The problem with this viewpoint is that it is too simple. Ultimately, Cameron is right in a lot of what he said about welfare. The examples he gave in his speech on Monday highlight what is a significant problem in our society. Under the current system a young couple working full-time might take home £24,000 in London, while another couple on the same road with four children, who don’t work, might take home £27,000 in benefits.

As Cameron points out, “Even after the £26,000 benefit cap is introduced, they’ll still take home more than their neighbours who go out to work every day. Can we really say that’s fair?”

For all of his posturing, however, Cameron and his policy-makers seem to be underestimating just how complex the welfare system is and are not focusing on how the current rules do make a real difference to our society. Inferring that all single mothers who are living away from home are doing so for tax benefits (and of their own free will) is short-sighted and simply wrong. Tax benefits were introduced for a reason and many thousands of people in the UK would not be able to survive without them, particularly in the current economic climate.

As The Independent points out, there are plenty of examples of people who will suffer under the proposals, should the coalition press ahead with his plans. 21-year-old Claudette Shay, speaking to the paper, was quick to highlight the obvious issues with the plans, “Living with my parents simply isn’t an option… housing benefit will be crucial when I move into my new flat [she has been living in hostels for two years]. I’ve got myself a job… but will still need help to pay the bills.”

What specifically is Cameron actually trying to do? The reforms spelt out indicate a path which would see a reduction in certain types of welfare (mostly that of large families with neither parent working), a potential abolition of housing benefits for under 25 year olds and part-time community work for long term unemployed based on the Australian ‘work for your dole’ mantra.

He further went on to outline other areas in which a non-coalition Conservative government might look to cut further – an extension of the benefits in kind system such as that which provides free school dinners in place of monetary welfare payments and completely ending the option of benefits for school-leavers. He admitted, however, that under the current government these kinds of changes would not be possible to implement.
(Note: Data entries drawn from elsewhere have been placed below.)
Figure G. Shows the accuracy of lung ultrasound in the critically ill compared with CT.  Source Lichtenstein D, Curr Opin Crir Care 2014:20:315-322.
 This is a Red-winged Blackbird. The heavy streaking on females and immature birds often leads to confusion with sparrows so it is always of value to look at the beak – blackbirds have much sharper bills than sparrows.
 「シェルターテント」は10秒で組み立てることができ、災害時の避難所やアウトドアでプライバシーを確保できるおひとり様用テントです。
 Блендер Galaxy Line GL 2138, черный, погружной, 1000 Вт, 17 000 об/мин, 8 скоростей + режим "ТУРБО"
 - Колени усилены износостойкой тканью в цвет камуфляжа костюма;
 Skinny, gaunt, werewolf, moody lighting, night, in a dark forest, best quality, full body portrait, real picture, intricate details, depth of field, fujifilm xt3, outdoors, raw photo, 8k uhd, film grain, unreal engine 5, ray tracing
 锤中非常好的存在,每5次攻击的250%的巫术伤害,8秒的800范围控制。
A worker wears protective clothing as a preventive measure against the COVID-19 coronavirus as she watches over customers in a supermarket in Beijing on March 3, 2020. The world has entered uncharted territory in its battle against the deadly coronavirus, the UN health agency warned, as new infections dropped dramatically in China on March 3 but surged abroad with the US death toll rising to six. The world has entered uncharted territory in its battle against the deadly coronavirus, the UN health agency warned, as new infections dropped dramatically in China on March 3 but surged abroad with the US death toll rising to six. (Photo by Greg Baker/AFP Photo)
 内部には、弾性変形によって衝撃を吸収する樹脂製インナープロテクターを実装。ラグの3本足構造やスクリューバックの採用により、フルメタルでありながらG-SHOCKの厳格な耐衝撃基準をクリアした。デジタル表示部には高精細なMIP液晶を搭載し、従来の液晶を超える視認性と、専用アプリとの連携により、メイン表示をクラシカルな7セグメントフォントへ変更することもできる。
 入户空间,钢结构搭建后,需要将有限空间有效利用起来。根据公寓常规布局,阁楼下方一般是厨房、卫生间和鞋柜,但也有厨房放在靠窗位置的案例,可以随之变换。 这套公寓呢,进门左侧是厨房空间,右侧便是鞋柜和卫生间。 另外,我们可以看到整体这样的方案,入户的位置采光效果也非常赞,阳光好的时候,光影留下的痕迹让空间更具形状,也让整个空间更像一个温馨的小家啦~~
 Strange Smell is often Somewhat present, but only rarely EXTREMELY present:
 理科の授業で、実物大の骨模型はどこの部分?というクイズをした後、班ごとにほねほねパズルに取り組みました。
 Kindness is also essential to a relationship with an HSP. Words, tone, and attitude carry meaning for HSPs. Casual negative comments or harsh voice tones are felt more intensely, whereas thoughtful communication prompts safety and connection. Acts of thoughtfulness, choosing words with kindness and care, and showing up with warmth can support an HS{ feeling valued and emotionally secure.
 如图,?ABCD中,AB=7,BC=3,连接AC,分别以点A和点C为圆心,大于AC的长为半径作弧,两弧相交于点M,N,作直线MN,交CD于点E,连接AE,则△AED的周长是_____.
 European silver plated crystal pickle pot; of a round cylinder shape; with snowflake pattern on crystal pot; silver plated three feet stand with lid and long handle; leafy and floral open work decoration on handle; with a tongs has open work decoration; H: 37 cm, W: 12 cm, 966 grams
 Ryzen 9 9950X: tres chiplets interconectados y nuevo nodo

While some of these proposals, particularly that for the abolition of housing benefits for the under 25s, will no doubt incense the left-wing press, there is some modicum of sense in what Cameron is aiming to do. Introducing means testing for housing benefits in the style of certain European governments, including Holland, makes sense, though the expectation that parents can simply “top that up” is sheer folly and misunderstands the problem at hand. In many cases young adults are on housing benefits and other welfare because their parents cannot support them.

Despite this, other aspects of Cameron’s proposals are admirable. Currently there is no requirement for people on benefits to have a CV or even basic numeracy and literacy skills, which is a huge problem. While Cameron’s flippant proposal that they “do some form of full-time work helping the community, like tidying up the local park” won’t exactly go towards making these people more employable, the sentiment is not entirely misguided and could well teach some to value their community far more.

What would be more useful, however, would be an increase in funding to provide a greater range of basic educational courses that could genuinely make a difference in helping the long-term unemployed find work, perhaps funded by some of the money raised by cutting over-generous benefits to those who refuse to contribute to society.

Essentially though, is Cameron trying to do the wrong thing? The simple answer, largely, is no. Our welfare system is not up to standard as it currently stands and it can definitely be improved so that it eradicates certain loopholes and gives a better deal across the board, providing that the right safeguards are implemented so that those that deserve benefits continue to receive them.

Yet the Prime Minister should not expect to resolve the issue with a couple of grand gestures. Much like Obama’s healthcare reforms in the US, Cameron should expect a tough battle with fierce opposition. Unlike Obama, he won’t necessarily have the high ground and shouldn’t expect it.

Cameron is right when he says that reform is necessary despite the probability that, “raising big questions on welfare… might not win government support. Frankly it might rub people up the wrong way”. The problem he and the coalition faces is a public that believes in this government the rich are being favoured to the expense of the poor. These reforms will do little to dissuade people that this is the case.